* [Exercise]:
From the first line of the data below, copy each line up to the one containing "アイリスオーヤマのチェストワ", and include that line too.

....

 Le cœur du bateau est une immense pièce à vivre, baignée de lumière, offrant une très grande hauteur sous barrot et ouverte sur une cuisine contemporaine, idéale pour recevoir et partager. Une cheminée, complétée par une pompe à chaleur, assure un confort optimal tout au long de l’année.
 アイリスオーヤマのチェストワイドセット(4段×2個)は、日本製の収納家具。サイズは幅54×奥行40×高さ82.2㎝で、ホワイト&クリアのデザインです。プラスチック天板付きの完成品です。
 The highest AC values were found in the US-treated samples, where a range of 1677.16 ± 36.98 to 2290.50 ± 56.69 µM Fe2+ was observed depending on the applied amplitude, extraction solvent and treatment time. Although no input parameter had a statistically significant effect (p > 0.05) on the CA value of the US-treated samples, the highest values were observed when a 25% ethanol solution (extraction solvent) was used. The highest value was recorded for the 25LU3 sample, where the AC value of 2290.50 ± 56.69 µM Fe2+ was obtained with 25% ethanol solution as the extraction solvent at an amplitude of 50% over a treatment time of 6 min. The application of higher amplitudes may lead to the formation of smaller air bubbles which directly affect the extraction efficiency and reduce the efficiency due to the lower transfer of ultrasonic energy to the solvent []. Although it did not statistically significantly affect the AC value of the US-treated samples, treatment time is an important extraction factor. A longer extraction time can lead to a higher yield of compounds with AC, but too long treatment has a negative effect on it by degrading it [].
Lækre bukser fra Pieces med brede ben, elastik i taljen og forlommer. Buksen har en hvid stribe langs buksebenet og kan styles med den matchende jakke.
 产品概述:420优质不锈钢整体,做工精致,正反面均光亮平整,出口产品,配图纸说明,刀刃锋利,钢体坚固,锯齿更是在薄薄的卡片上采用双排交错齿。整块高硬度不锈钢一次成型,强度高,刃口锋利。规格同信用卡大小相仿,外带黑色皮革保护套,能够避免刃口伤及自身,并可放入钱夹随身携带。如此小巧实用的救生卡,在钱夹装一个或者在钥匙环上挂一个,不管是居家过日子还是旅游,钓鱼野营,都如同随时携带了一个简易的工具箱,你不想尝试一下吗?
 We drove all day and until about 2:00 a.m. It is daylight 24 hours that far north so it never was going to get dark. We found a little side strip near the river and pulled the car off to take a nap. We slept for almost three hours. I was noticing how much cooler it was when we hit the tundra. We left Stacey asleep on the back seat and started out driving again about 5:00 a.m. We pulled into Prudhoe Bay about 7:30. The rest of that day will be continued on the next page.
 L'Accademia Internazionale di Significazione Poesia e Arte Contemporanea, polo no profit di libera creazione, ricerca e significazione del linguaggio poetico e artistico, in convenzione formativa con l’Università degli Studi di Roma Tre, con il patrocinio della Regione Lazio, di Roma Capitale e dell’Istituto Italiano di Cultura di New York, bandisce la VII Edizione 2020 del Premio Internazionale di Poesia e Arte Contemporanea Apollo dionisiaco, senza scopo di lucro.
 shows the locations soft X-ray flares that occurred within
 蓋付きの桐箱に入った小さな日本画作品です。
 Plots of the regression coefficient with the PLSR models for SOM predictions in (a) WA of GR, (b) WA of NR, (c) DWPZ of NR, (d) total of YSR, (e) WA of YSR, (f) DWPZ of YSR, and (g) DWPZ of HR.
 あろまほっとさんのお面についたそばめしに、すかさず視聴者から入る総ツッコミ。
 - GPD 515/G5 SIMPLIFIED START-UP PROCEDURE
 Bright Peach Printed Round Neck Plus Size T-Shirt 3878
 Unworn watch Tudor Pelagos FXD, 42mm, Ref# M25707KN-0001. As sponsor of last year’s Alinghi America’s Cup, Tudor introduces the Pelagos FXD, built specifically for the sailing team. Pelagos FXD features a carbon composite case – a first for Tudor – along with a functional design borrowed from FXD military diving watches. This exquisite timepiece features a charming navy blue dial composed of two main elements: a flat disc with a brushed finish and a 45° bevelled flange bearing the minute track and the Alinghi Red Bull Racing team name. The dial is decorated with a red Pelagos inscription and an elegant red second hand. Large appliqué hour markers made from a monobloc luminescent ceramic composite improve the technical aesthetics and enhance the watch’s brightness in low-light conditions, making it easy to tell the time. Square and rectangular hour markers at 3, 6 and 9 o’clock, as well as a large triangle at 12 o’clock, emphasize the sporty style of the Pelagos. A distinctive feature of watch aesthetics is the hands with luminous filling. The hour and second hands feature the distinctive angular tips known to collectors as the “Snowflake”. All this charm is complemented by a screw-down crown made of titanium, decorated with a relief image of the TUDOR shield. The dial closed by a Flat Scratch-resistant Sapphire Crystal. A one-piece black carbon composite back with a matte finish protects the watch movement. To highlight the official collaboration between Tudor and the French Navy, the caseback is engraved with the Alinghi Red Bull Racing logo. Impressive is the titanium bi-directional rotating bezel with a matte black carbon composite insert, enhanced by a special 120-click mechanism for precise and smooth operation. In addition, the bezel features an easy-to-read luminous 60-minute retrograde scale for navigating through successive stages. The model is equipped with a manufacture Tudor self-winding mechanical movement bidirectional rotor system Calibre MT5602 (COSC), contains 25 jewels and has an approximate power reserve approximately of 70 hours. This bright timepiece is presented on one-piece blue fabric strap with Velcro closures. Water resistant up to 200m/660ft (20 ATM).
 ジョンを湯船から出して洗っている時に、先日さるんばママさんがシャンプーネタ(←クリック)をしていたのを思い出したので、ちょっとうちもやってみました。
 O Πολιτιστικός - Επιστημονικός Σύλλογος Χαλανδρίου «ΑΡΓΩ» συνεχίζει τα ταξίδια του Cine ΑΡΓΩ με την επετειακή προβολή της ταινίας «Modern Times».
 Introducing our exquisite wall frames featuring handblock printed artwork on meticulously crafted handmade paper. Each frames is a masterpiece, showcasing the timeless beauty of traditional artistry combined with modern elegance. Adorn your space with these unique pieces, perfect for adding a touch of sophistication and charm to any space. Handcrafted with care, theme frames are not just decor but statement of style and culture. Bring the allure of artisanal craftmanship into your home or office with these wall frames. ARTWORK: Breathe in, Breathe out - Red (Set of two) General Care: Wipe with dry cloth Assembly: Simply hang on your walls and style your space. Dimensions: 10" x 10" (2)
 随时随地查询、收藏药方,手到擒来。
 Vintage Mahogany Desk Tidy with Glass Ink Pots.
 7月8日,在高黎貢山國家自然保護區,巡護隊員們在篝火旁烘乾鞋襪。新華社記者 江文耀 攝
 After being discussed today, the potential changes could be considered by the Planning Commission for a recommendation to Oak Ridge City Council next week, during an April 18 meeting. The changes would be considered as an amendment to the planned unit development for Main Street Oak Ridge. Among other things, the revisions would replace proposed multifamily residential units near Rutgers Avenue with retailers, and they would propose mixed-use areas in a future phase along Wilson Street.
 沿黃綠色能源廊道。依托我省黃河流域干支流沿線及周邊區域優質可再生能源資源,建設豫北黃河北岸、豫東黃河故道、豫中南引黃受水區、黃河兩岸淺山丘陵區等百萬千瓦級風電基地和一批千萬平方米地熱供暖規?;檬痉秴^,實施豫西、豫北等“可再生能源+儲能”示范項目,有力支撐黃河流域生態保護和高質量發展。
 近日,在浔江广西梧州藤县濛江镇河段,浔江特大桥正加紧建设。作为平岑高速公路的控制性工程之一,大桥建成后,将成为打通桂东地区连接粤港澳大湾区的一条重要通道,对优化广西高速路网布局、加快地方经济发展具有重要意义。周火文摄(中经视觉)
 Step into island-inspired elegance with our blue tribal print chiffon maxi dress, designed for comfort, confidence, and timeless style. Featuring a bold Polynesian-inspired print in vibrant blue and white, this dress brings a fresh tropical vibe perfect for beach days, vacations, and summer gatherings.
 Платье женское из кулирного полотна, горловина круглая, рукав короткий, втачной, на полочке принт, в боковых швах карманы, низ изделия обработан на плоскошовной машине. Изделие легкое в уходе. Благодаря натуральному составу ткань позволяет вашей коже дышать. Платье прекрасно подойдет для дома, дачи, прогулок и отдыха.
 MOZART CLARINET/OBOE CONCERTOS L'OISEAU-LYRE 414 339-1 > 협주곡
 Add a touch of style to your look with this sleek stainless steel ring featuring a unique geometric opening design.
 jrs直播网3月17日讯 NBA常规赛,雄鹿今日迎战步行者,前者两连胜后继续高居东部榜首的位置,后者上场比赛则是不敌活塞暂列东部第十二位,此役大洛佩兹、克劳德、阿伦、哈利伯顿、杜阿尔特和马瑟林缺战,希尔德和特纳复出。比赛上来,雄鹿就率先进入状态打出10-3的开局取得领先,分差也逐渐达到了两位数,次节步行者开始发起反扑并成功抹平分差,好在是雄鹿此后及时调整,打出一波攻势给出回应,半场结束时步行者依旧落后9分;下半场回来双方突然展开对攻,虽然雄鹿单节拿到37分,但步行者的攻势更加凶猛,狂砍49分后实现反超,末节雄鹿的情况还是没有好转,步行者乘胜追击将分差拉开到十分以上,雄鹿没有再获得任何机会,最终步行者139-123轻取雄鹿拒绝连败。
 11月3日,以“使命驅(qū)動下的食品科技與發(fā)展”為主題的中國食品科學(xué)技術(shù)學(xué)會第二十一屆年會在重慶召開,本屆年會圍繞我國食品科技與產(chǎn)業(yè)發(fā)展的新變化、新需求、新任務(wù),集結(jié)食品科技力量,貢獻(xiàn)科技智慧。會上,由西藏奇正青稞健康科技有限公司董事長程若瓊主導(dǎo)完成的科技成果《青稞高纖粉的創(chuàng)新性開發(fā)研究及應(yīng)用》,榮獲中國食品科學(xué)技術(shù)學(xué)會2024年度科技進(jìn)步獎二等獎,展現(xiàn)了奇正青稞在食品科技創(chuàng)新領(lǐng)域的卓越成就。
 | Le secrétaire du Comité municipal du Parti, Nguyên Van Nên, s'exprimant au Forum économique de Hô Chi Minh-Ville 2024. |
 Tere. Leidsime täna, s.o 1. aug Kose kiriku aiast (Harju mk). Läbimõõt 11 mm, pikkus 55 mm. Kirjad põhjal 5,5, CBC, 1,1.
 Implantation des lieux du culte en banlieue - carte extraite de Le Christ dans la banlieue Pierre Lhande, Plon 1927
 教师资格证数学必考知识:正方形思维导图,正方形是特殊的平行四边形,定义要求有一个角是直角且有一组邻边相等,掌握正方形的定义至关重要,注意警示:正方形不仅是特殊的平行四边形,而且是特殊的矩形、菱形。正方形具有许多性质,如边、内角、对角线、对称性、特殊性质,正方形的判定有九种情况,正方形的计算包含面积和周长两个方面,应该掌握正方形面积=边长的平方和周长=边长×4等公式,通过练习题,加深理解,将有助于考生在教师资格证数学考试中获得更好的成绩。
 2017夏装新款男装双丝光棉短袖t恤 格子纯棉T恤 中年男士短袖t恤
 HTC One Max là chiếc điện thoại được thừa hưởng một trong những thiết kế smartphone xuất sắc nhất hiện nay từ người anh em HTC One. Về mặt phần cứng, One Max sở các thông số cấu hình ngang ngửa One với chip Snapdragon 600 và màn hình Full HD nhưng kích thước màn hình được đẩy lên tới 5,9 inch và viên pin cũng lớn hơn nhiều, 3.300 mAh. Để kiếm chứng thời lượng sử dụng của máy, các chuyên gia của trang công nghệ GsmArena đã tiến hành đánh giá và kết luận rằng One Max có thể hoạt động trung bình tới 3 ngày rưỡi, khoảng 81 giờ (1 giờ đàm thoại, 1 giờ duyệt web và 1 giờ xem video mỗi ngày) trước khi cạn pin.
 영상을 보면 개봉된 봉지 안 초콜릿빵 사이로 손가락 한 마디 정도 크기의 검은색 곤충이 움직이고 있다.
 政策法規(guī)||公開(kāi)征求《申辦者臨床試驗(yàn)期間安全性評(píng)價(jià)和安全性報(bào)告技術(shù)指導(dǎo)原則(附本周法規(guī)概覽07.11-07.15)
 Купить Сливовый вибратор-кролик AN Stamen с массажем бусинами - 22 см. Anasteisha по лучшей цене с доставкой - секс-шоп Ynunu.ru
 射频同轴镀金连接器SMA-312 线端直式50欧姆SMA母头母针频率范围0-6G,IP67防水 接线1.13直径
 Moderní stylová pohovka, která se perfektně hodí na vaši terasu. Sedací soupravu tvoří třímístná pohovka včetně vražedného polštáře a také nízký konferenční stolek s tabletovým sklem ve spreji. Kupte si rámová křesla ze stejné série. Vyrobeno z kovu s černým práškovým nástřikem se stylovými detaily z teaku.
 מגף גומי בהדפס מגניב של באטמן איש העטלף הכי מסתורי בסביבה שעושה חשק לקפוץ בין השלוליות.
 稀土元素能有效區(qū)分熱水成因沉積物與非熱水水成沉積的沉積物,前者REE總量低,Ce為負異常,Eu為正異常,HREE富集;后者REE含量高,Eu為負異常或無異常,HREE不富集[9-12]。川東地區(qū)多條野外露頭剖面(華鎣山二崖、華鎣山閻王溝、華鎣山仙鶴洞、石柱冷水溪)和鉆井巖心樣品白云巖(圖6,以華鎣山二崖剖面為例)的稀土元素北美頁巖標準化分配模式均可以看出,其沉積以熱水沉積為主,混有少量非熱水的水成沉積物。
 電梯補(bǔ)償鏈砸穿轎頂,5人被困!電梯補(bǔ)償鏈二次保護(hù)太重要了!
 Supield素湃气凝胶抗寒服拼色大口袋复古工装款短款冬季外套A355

....

* [Answer area]:
 Le cœur du bateau est une immense pièce à vivre, baignée de lumière, offrant une très grande hauteur sous barrot et ouverte sur une cuisine contemporaine, idéale pour recevoir et partager. Une cheminée, complétée par une pompe à chaleur, assure un confort optimal tout au long de l’année.
 アイリスオーヤマのチェストワイドセット(4段×2個)は、日本製の収納家具。サイズは幅54×奥行40×高さ82.2㎝で、ホワイト&クリアのデザインです。プラスチック天板付きの完成品です。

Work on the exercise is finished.